Houses in Manhattan, New York

26, 28, and 30 Jones Street are three historic Greek Revival-style rowhouses on Jones Street in the Greenwich Village neighborhood of Manhattan in New York City, New York, US. Built c. 1844, the rowhouses each have brick facades with three stories above a raised basement. Each building has a stoop with a wrought-iron railings, and a cornice with dentils. The designs are attributed to Henry Hoople Mott. The buildings are on the National Register of Historic Places and are designated as New York City Landmarks.

== Description ==
The houses at 26, 28, and 30 Jones Street are located on Jones Street in the Greenwich Village neighborhood of Manhattan in New York City, New York, US. The three rowhouses are in the Greek Revival style. They are among the few remaining buildings of their type on Jones Street. The original buildings' architects and builders have not been determined, although the AIA Guide to New York City attributes the design for all three houses to Henry Hoople Mott. The houses are next to 32 Jones Street, which once housed Caffe Vivaldi.

Each building is three stories high above a raised basement. The facades are made of red brick, while the entry stoops, basements, and window trimmings are made of brownstone. All three buildings are divided vertically into three bays, each with a wooden sash window. The stoops are in the leftmost bay of each house and all have wrought-iron railings. The National Park Service's 1982 report about the buildings indicated that 26 Jones Street had a stucco frame and a replica handrail.

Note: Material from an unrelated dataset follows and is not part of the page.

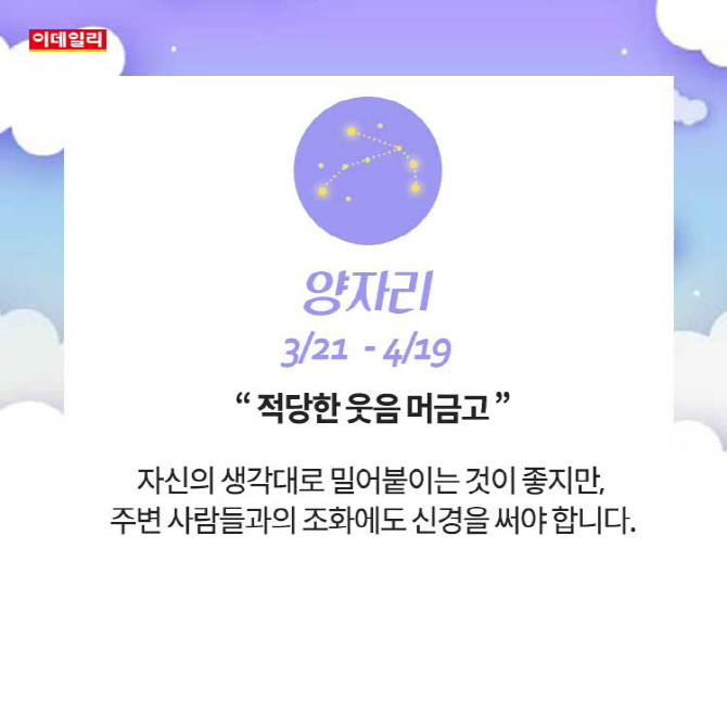 △양자리 : 자신의 생각대로 밀어붙이는 것이 좋지만, 주변 사람들과의 조화에도 신경을 써야 합니다. 윗사람과 약간의 트러블이 있을 수 있는데 적당히 웃어넘기는 것이 제일 편한 방법입니다.

The tops of the stoops originally had a single door recessed between a pair of pilasters and are surrounded by sidelights next to it and transom windows above. The original door at number 30 has been replaced with double doors. The space above the transom window of each doorway has an entablature. Above the topmost story, each building also has a cornice with dentils. There are party walls subdividing the three houses.

== History ==
The houses at 26, 28, and 30 Jones Street date from around 1844 and, according to tax records, were originally respectively owned by Jane S. Paradise, Dorothy Peterson, and John Moore. According to the New York City Landmarks Preservation Commission (LPC), numbers 28 and 30 were both constructed in that year. Number 26 was constructed starting in 1843 and was still not complete in 1844, when the trustee for Paradise's estate, Jesse W. Benedict, took over. All three buildings changed ownership multiple times in the 19th century. The first ownership transfers for any of these buildings took place in 1848, when Abraham Bassford bought number 26 and William Waring bought number 30. The other house, number 28, remained in the same ownership until 1855, when Richard Yerance took over. 26 and 28 Jones Street remained single-family housing when Greenwich Village residents began moving northward in the 1850s, while 30 Jones Street was subdivided into multiple units at that time.

In 1902, the Greenwich House settlement house was founded at 26 Jones Street, due to the area's proximity to the relatively poor Little Italy enclave. Initially, number 26 was occupied by Greenwich House's founder Mary Kingsbury Simkhovitch, along with her family and five employees. In 1905, Greenwich House was obtained by the Greenwich House's parent organization, the Cooperative Social Settlement Society. Greenwich House Cooperative Apartments Inc. obtained 26 and 28 Jones Street in 1921. The same company bought 30 Jones Street in 1929 as an extension to the neighboring properties.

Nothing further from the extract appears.